■ **Directions**
Pictures must not appear in the copy. Restate exactly the lines below from the one with "7月6日下午,学院王秀丽教授" through the one with "Đoàn công tác", inclusive.

■ **Extracted records**
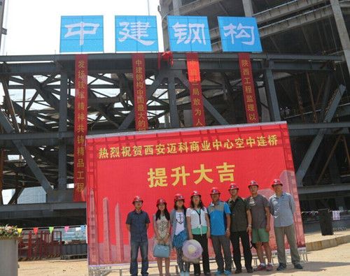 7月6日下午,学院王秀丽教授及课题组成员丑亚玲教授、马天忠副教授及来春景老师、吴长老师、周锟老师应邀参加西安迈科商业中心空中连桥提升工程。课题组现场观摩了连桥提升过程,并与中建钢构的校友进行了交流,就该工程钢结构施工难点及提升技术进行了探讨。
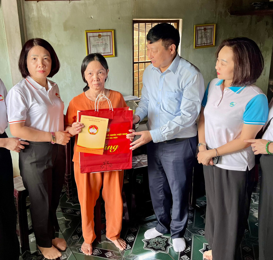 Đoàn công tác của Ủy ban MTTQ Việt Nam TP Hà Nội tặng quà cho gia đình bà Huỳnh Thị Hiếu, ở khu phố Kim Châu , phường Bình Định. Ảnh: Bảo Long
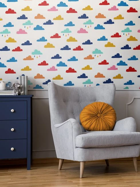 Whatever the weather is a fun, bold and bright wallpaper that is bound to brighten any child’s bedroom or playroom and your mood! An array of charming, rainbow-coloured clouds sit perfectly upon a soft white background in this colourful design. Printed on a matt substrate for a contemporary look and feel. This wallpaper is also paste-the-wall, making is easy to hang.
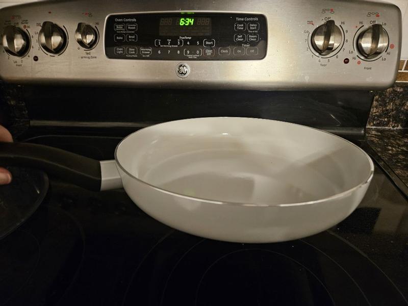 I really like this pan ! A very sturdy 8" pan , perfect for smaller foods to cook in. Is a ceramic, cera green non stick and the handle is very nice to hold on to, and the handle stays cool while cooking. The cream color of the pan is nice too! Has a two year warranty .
--
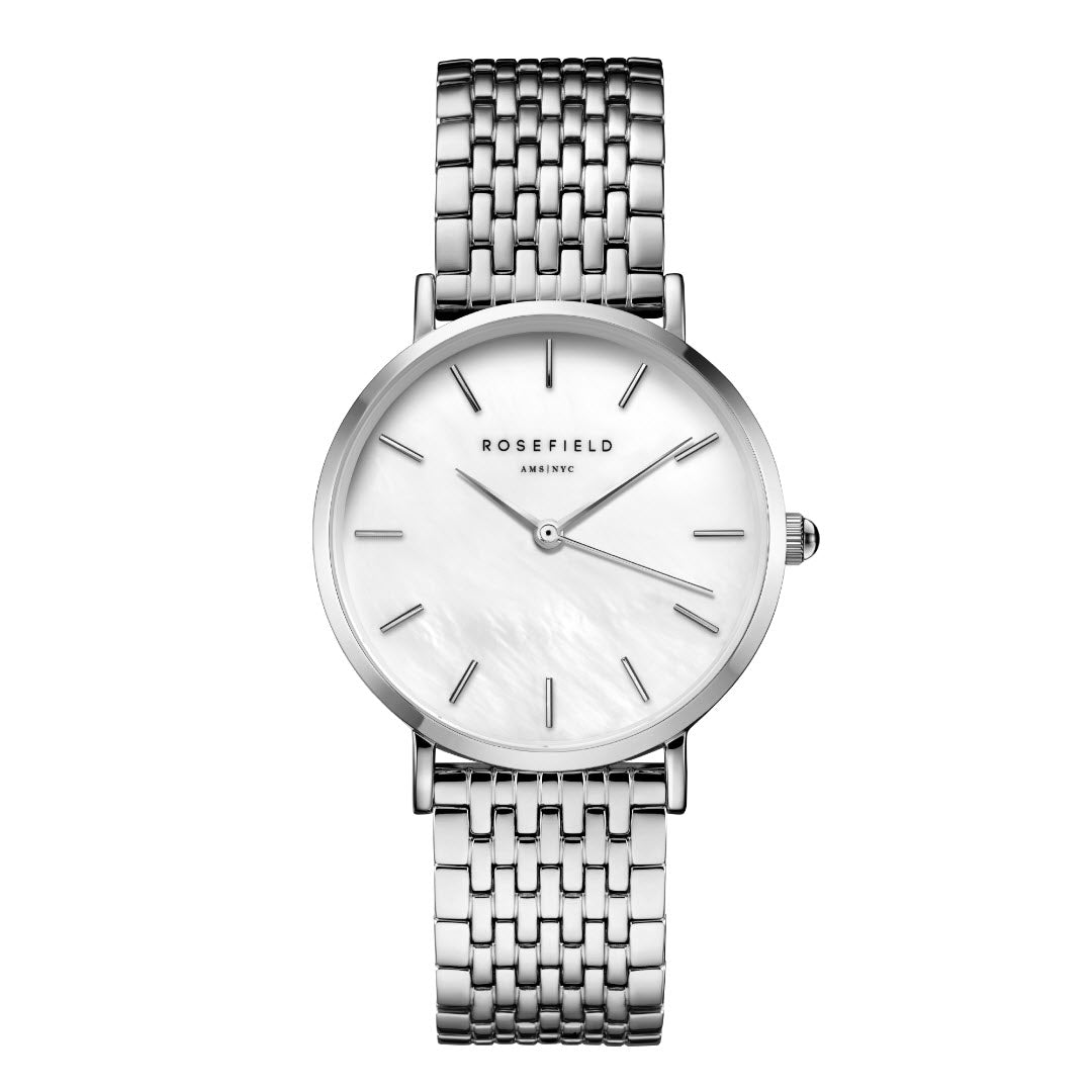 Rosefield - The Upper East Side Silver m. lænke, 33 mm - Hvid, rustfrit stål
...
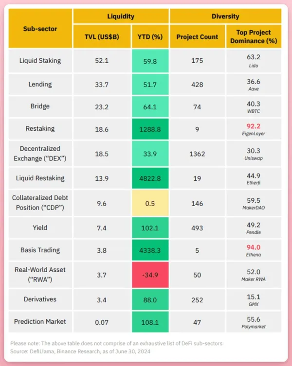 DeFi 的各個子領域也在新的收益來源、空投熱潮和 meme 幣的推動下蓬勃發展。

■ **Answer area**
 7月6日下午,学院王秀丽教授及课题组成员丑亚玲教授、马天忠副教授及来春景老师、吴长老师、周锟老师应邀参加西安迈科商业中心空中连桥提升工程。课题组现场观摩了连桥提升过程,并与中建钢构的校友进行了交流,就该工程钢结构施工难点及提升技术进行了探讨。
 Đoàn công tác của Ủy ban MTTQ Việt Nam TP Hà Nội tặng quà cho gia đình bà Huỳnh Thị Hiếu, ở khu phố Kim Châu , phường Bình Định. Ảnh: Bảo Long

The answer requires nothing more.